[Data supplied — start]

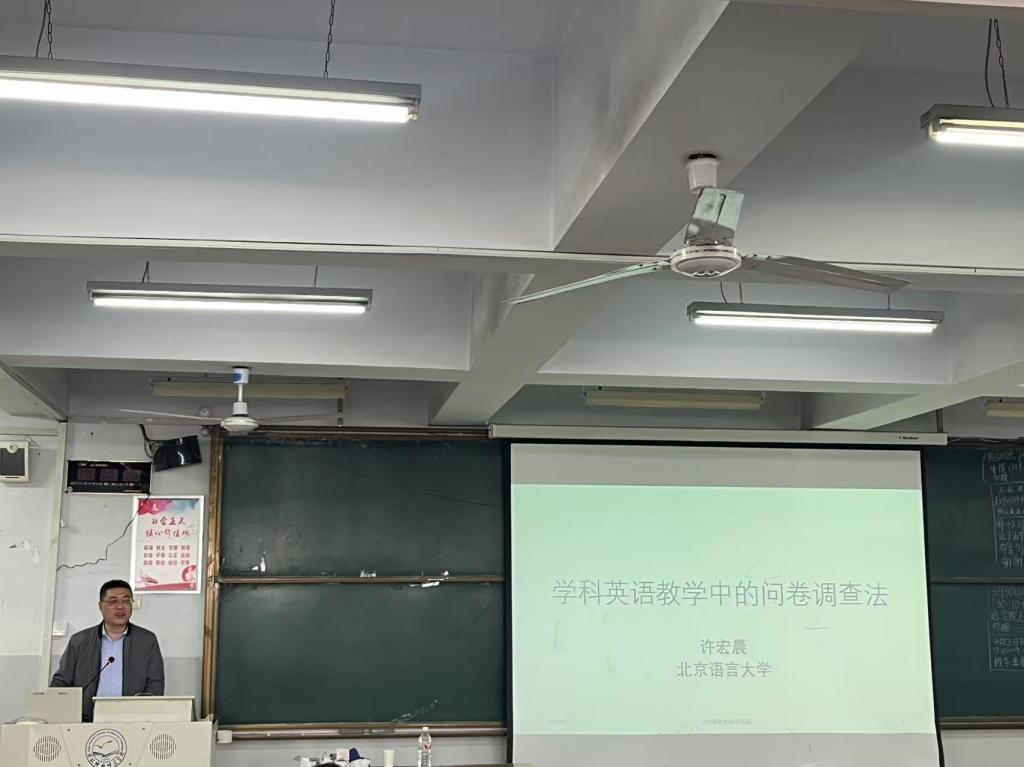 讲座伊始,崔海英经理向与会师生介绍了主讲人许教授的学术背景。许教授现任北京语言大学英语和高级翻译公司教授,其研究领域涵盖教育语言学及应用语言学量化研究方法。在专题讲授环节,许教授系统阐述了学科英语教学研究方法的整体框架,重点围绕问卷调查法展开讲解。主要内容包括:学科英语教学研究方法概览、问卷设计的三个维度、常用问卷题型设计、问卷题项常见错误分析以及问卷数据处理方法等。最后的互动环节中,与会教师积极提问。针对教师们提出的“如何规避问卷中的社会期待效应”、“同一问卷中能否混合使用选择题和李克特量表”等问题,许教授均给予了专业细致的解答。
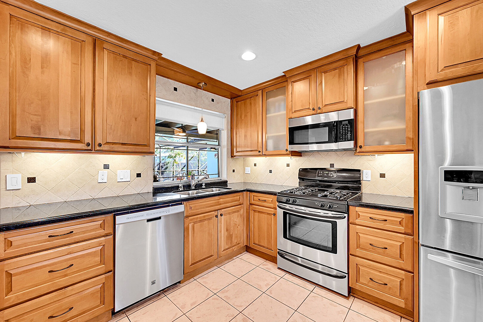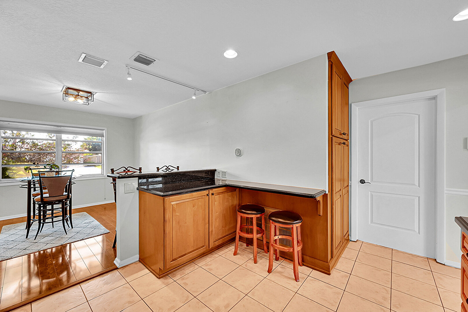 Baseboards Wall, Ceiling Fan, Crown Molding Cabinets, Drywall, Glass Insert Cabinets, Kitchen Bar, Kitchen Peninsula, Laundry, Medium Brown Cabinets, Natural Light, Open Shelves, Pendant Lighting, Raised Cabinets, Recessed Lighting, Stone Countertops, Textured Ceiling, Tile Floor, Track Lighting, Crown Molding Cabinets, Natural Light, Vent, Washer Hookup
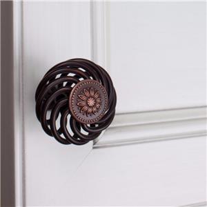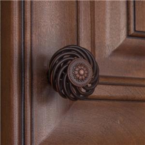 Update your kitchen cabinets or bathroom vanities with this beautiful 1-1/2-inch rustic bronze round flower birdcage cabinet knob. Attractive and durable, this birdcage knob will keep your cabinets looking great for years. This round knob is made of steel and comes with a lifetime replacement limited warranty. Each knob is individually bagged to prevent damage to the finish.
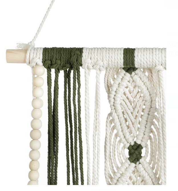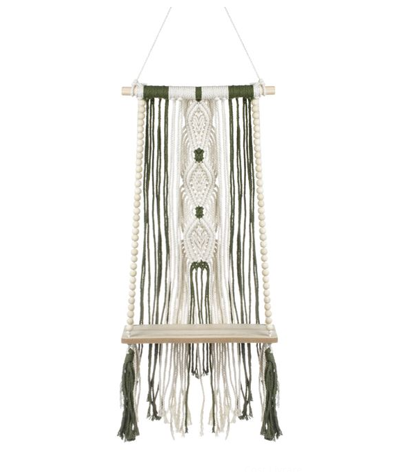 Raft decorativ suspendabil din lemn 25x13cm cu spate macrame din fire de bumbac de culoare alba si verde inchis, cu margele mici din lemn si franjuri lungi .
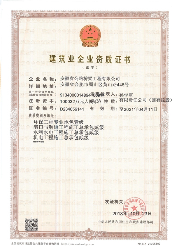 10月23日,公司環(huán)保工程專業(yè)承包壹級、水利水電工程施工總承包貳級、機電工程施工總承包貳級三項資質(zhì)順利通過安徽省住房和城鄉(xiāng)建設廳審查核準。三項新資質(zhì)的取得為公司進一步拓展非公路施工業(yè)務,實現(xiàn)經(jīng)營業(yè)務多領(lǐng)域發(fā)展打下了基礎(chǔ)。
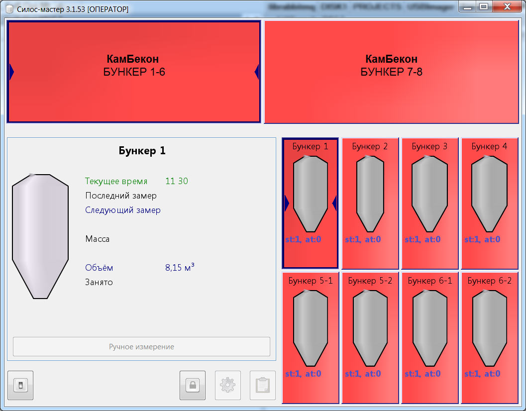 Silos-master is a kind of universal measuring system for industry. Uses a various set of sensors to determine an amount of product within the silos. Highly customizible options, different sensor types support (acoustic, rotor, tenso, etc.).
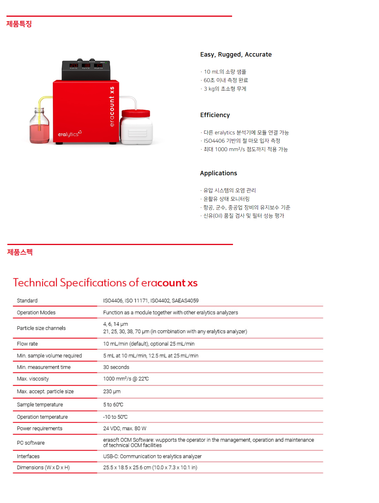 Eralytics사의 eracount XS 제품은 윤활의 등의 오염 입자 측정기로
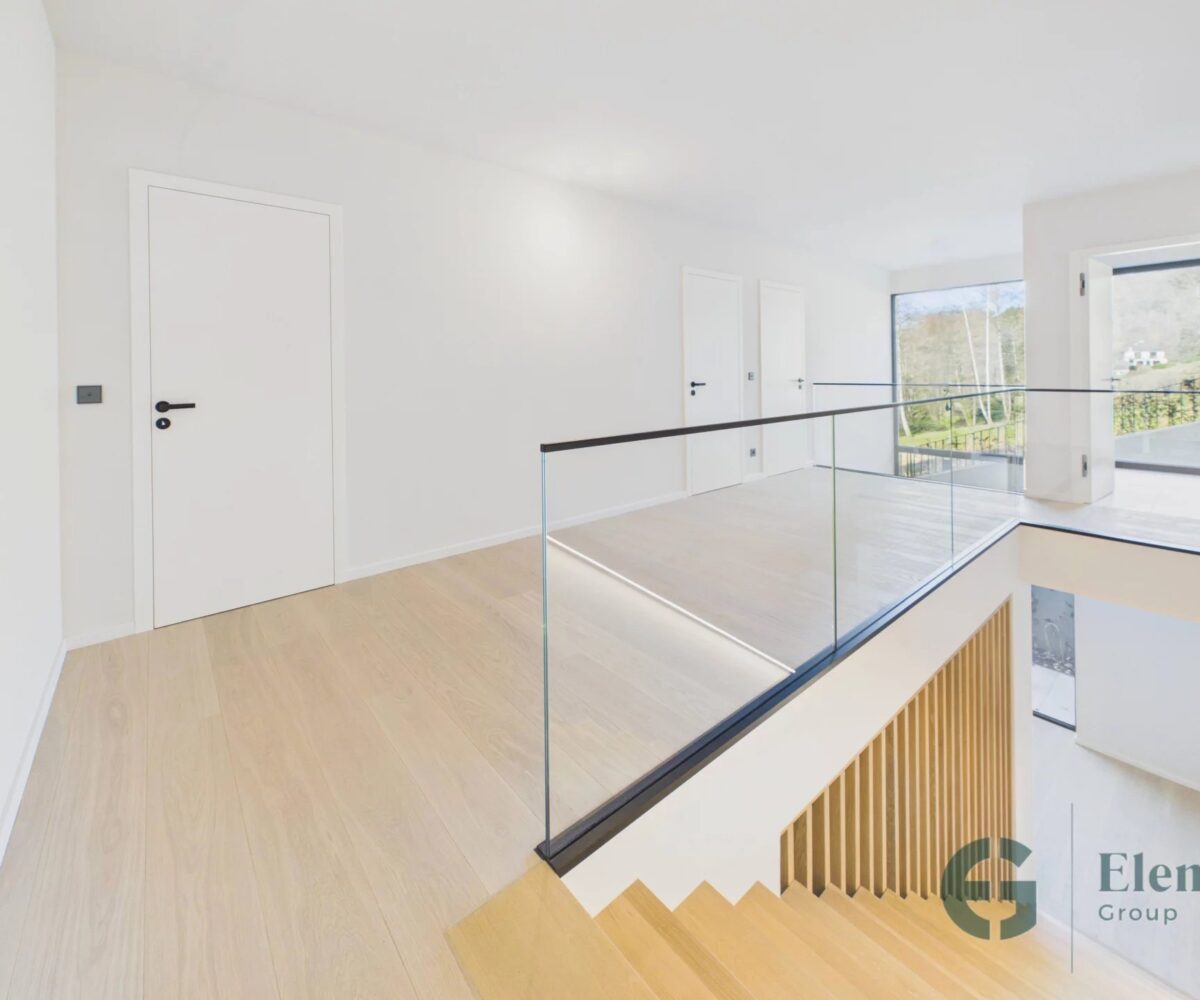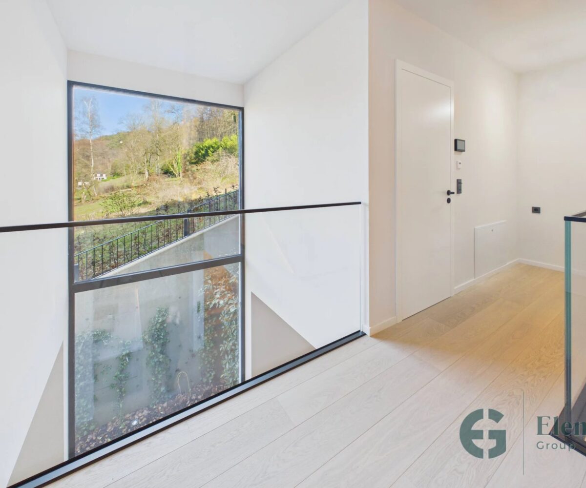 Au cœur d’un environnement verdoyant privilégié à Kopstal, dans une rue en impasse particulièrement calme et paisible, au bord d’une petite rivière, se découvre ce superbe appartement duplex aux prestations haut de gamme. Développant 234,28 m² habitables nets, ce bien rare séduit par ses volumes généreux et son atmosphère lumineuse. Les grandes baies vitrées invitent la nature à l’intérieur et offrent une lumière naturelle abondante tout au long de la journée, créant une harmonie parfaite entre intérieur et extérieur. L’espace de vie principal allie confort et raffinement, avec une cuisine ouverte entièrement équipée d’appareils électroménagers premium des marques Miele et Bora, conjuguant design contemporain et technologie de pointe. Les finitions soignées, notamment le parquet de haute qualité, soulignent le caractère élégant et intemporel du bien. L’un des éléments architecturaux les plus remarquables est la mezzanine avec ouverture sur deux étages, offrant une impression spectaculaire de volume et de perspective. Cet espace unique apporte cachet et exclusivité à l’ensemble, tout en renforçant la sensation d’espace et de luminosité. L’appartement dispose également d’un ascenseur, garantissant un confort optimal et une accessibilité facilitée au quotidien. À l’extérieur, deux terrasses de 120,45 m² prolonge naturellement les espaces de vie et permet de profiter pleinement du cadre naturel environnant, dans un calme absolu. Ce duplex s’adresse à une clientèle recherchant un bien alliant standing, nature et intimité, tout en restant à proximité de Luxembourg-Ville et des commodités essentielles. Un lieu de vie rare, où luxe discret et qualité de vie s’unissent harmonieusement.

[Data supplied — finish]

Work request: Because only one stretch of the records is wanted, please output the lines from the one holding "10月23日,公司環(huá" through the one holding "Eralytics사의 eracount XS" exactly, both included, and leave every picture out.

Result below:
 10月23日,公司環(huán)保工程專業(yè)承包壹級、水利水電工程施工總承包貳級、機電工程施工總承包貳級三項資質(zhì)順利通過安徽省住房和城鄉(xiāng)建設廳審查核準。三項新資質(zhì)的取得為公司進一步拓展非公路施工業(yè)務,實現(xiàn)經(jīng)營業(yè)務多領(lǐng)域發(fā)展打下了基礎(chǔ)。
 Silos-master is a kind of universal measuring system for industry. Uses a various set of sensors to determine an amount of product within the silos. Highly customizible options, different sensor types support (acoustic, rotor, tenso, etc.).
 Eralytics사의 eracount XS 제품은 윤활의 등의 오염 입자 측정기로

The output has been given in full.